• **Stored items**
______

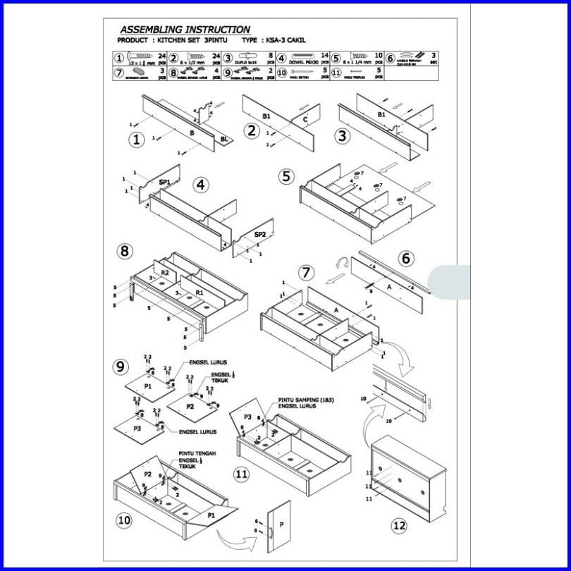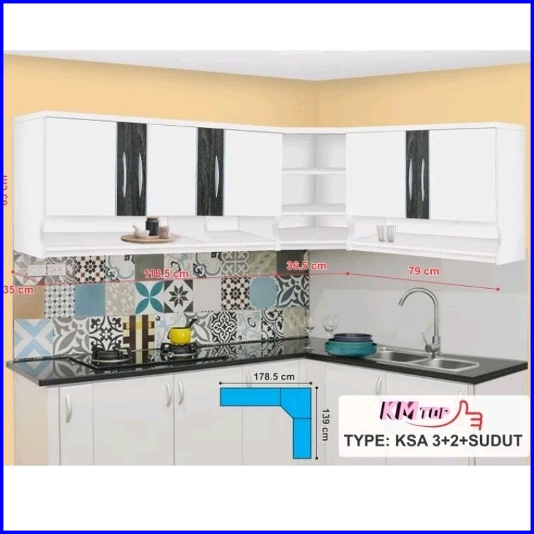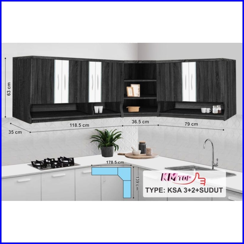 1 Set 3pintu 2pintu Sudut Kitchen Set Lemari Gantung Minimalis Ksa Kmtop
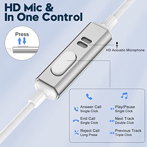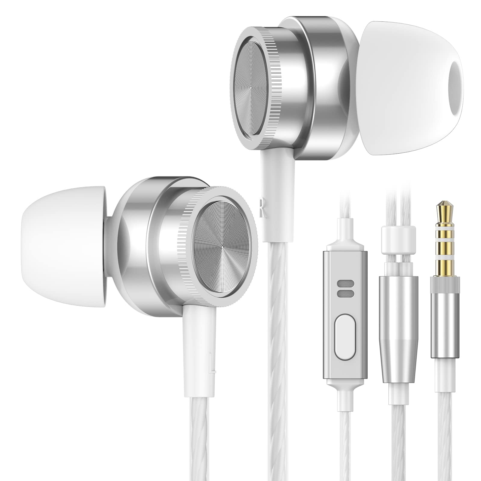 Son stéréo Hi-Fi et clair : le design intra-auriculaire des écouteurs réduit efficacement les bruits ambiants externes. Haut-parleurs haute performance intégrés et large gamme de fréquences, qui élargissent la gamme de fréquences de la chaîne hi-fi, vous permettant de profiter de la musique stéréo de haute qualité, apportant une expérience musicale parfaite. Bouton multifonction et microphone de haute qualité : les écouteurs filaires avec microphone HD et contrôleur vous permettent de répondre/mettre fin aux appels, de lire/mettre en pause, de jouer de la musique suivante/précédente avec le casque, vous n’avez pas besoin de toucher votre appareil pour effectuer une variété de fonctions essentielles. Design confortable et ergonomique : les écouteurs filaires sont conçus de façon ergonomique, ce qui peut s’adapter efficacement à l’oreille parfaitement sans tomber, confortables, stables et faciles à porter. Ces écouteurs sont équipés de 3 écouteurs en caoutchouc de tailles différentes, vous pouvez sélectionner le meilleur ajustement pour votre forme d’oreille personnelle. Large compatibilité : les écouteurs intra-auriculaires sont compatibles avec une gamme d’appareils électroniques, iPhone, Samsung Galaxy, Sony Xperia, ordinateur portable, tablette, vous pouvez brancher ces écouteurs dans pratiquement n’importe quel appareil avec une prise casque de 3,5 mm (certains appareils peuvent nécessiter un adaptateur) Qualité supérieure et durable : les écouteurs intra-auriculaires sont fabriqués en métal de haute qualité, et le câble adopte un design de protection double couche dégradé noir et blanc, qui est durable et pas facile à casser, améliorant la durabilité.
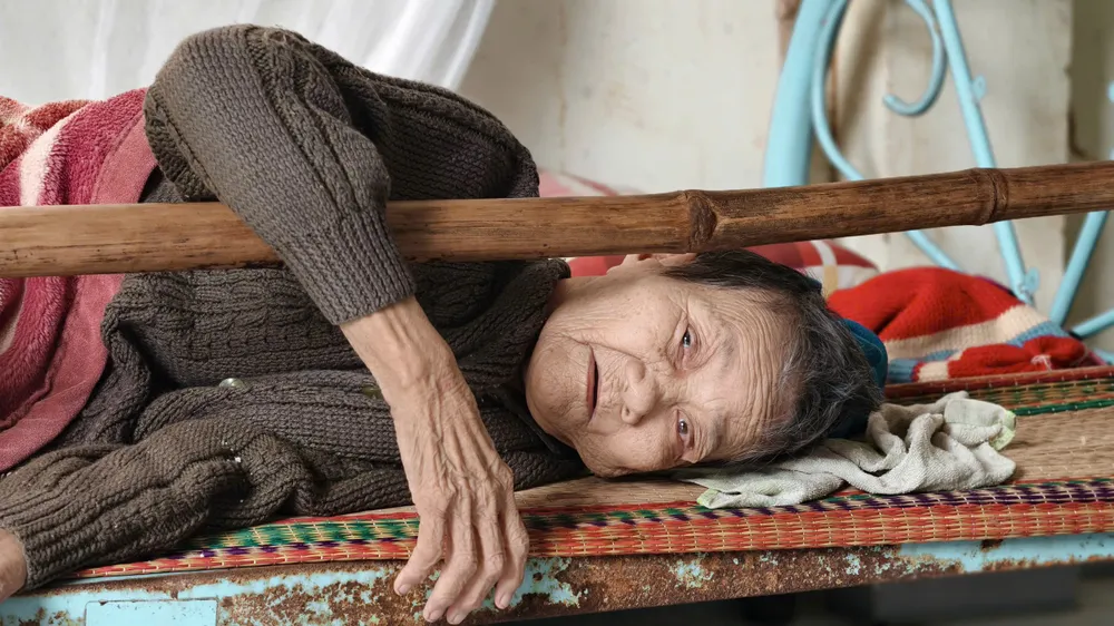 Bà Hương đã già, bị tai biến nằm liệt giường nhiều năm qua. Bà ở cùng người con trai 50 tuổi bị bệnh tâm thần. Sau lũ dữ, cuộc sống của bà vô vàn khó khăn.
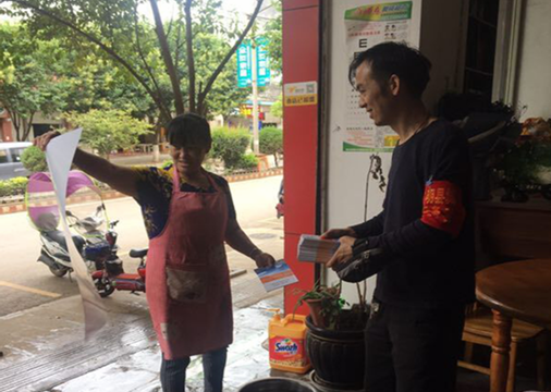 志愿者服务队队员向经营户宣讲社会主义核心价值观内容
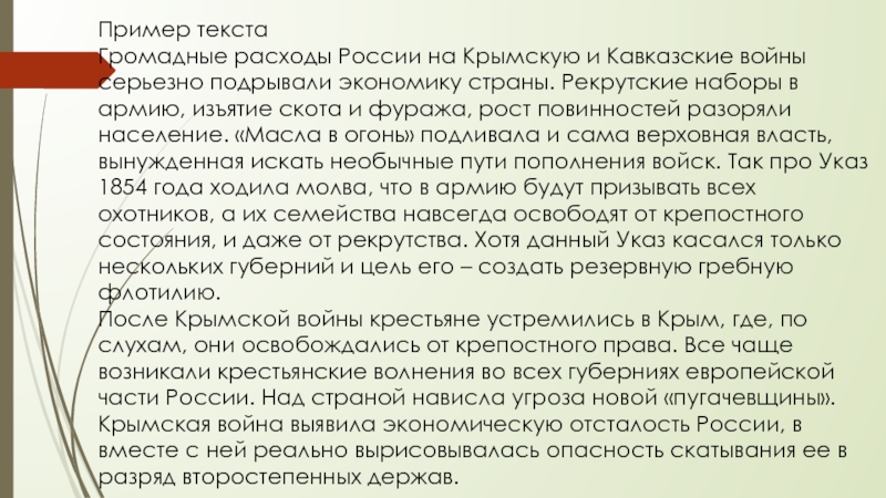 экономику страны. Рекрутские наборы в армию, изъятие скота и фуража, рост повинностей разоряли население. «Масла в огонь» подливала и сама верховная власть, вынужденная искать необычные пути пополнения войск. Так про Указ 1854 года ходила молва, что в армию будут призывать всех охотников, а их семейства навсегда освободят от крепостного состояния, и даже от рекрутства. Хотя данный Указ касался только нескольких губерний и цель его – создать резервную гребную флотилию.

______

• **Problem description**
Exclude the pictures and print the rest of the data exactly.

• **Response area**
 1 Set 3pintu 2pintu Sudut Kitchen Set Lemari Gantung Minimalis Ksa Kmtop
 Son stéréo Hi-Fi et clair : le design intra-auriculaire des écouteurs réduit efficacement les bruits ambiants externes. Haut-parleurs haute performance intégrés et large gamme de fréquences, qui élargissent la gamme de fréquences de la chaîne hi-fi, vous permettant de profiter de la musique stéréo de haute qualité, apportant une expérience musicale parfaite. Bouton multifonction et microphone de haute qualité : les écouteurs filaires avec microphone HD et contrôleur vous permettent de répondre/mettre fin aux appels, de lire/mettre en pause, de jouer de la musique suivante/précédente avec le casque, vous n’avez pas besoin de toucher votre appareil pour effectuer une variété de fonctions essentielles. Design confortable et ergonomique : les écouteurs filaires sont conçus de façon ergonomique, ce qui peut s’adapter efficacement à l’oreille parfaitement sans tomber, confortables, stables et faciles à porter. Ces écouteurs sont équipés de 3 écouteurs en caoutchouc de tailles différentes, vous pouvez sélectionner le meilleur ajustement pour votre forme d’oreille personnelle. Large compatibilité : les écouteurs intra-auriculaires sont compatibles avec une gamme d’appareils électroniques, iPhone, Samsung Galaxy, Sony Xperia, ordinateur portable, tablette, vous pouvez brancher ces écouteurs dans pratiquement n’importe quel appareil avec une prise casque de 3,5 mm (certains appareils peuvent nécessiter un adaptateur) Qualité supérieure et durable : les écouteurs intra-auriculaires sont fabriqués en métal de haute qualité, et le câble adopte un design de protection double couche dégradé noir et blanc, qui est durable et pas facile à casser, améliorant la durabilité.
 Bà Hương đã già, bị tai biến nằm liệt giường nhiều năm qua. Bà ở cùng người con trai 50 tuổi bị bệnh tâm thần. Sau lũ dữ, cuộc sống của bà vô vàn khó khăn.
 志愿者服务队队员向经营户宣讲社会主义核心价值观内容
 экономику страны. Рекрутские наборы в армию, изъятие скота и фуража, рост повинностей разоряли население. «Масла в огонь» подливала и сама верховная власть, вынужденная искать необычные пути пополнения войск. Так про Указ 1854 года ходила молва, что в армию будут призывать всех охотников, а их семейства навсегда освободят от крепостного состояния, и даже от рекрутства. Хотя данный Указ касался только нескольких губерний и цель его – создать резервную гребную флотилию.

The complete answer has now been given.